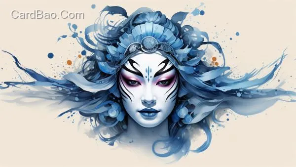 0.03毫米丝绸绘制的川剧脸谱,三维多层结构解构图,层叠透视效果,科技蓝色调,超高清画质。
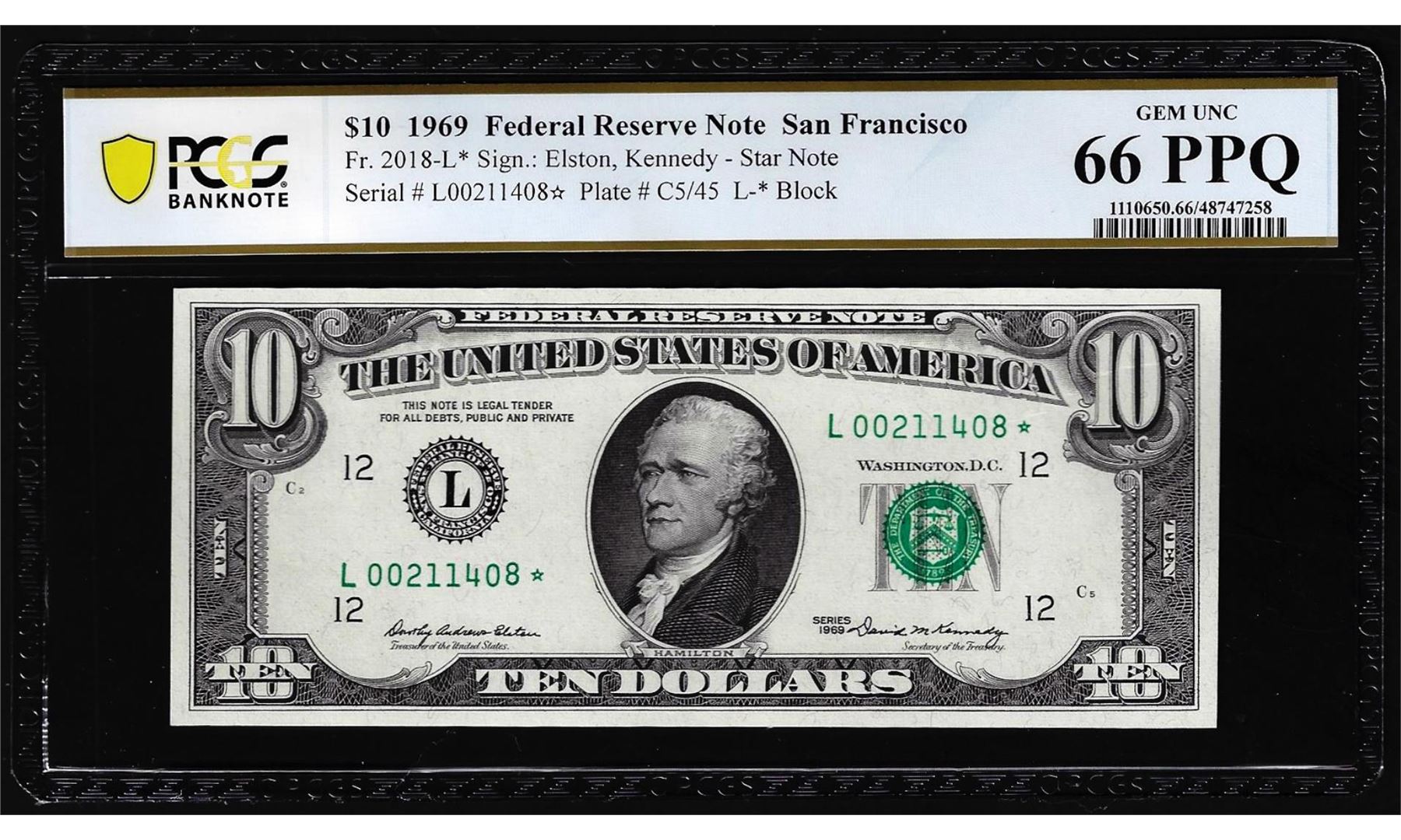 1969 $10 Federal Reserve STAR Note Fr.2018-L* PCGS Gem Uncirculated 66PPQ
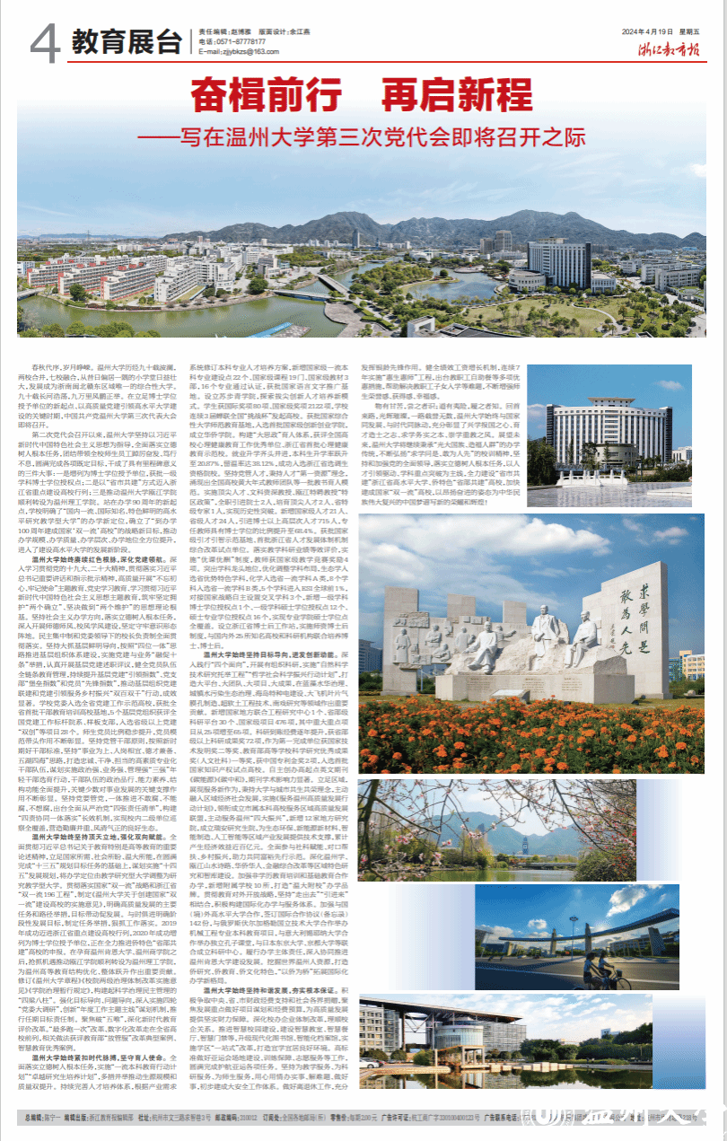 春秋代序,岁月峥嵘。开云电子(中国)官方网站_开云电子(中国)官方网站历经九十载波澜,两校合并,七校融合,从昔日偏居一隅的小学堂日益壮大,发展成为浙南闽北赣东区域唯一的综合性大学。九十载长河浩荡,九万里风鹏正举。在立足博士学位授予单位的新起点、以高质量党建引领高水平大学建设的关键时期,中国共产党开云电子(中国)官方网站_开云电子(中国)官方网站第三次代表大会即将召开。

▸ **YOUR OBJECTIVE**
Your task is to repeat exactly the lines from the one containing "1969 $10 Federal" through the end of the material, both included, and only those, without pictures.

▸ **RESPONSE TO THE EXERCISE**
 1969 $10 Federal Reserve STAR Note Fr.2018-L* PCGS Gem Uncirculated 66PPQ
 春秋代序,岁月峥嵘。开云电子(中国)官方网站_开云电子(中国)官方网站历经九十载波澜,两校合并,七校融合,从昔日偏居一隅的小学堂日益壮大,发展成为浙南闽北赣东区域唯一的综合性大学。九十载长河浩荡,九万里风鹏正举。在立足博士学位授予单位的新起点、以高质量党建引领高水平大学建设的关键时期,中国共产党开云电子(中国)官方网站_开云电子(中国)官方网站第三次代表大会即将召开。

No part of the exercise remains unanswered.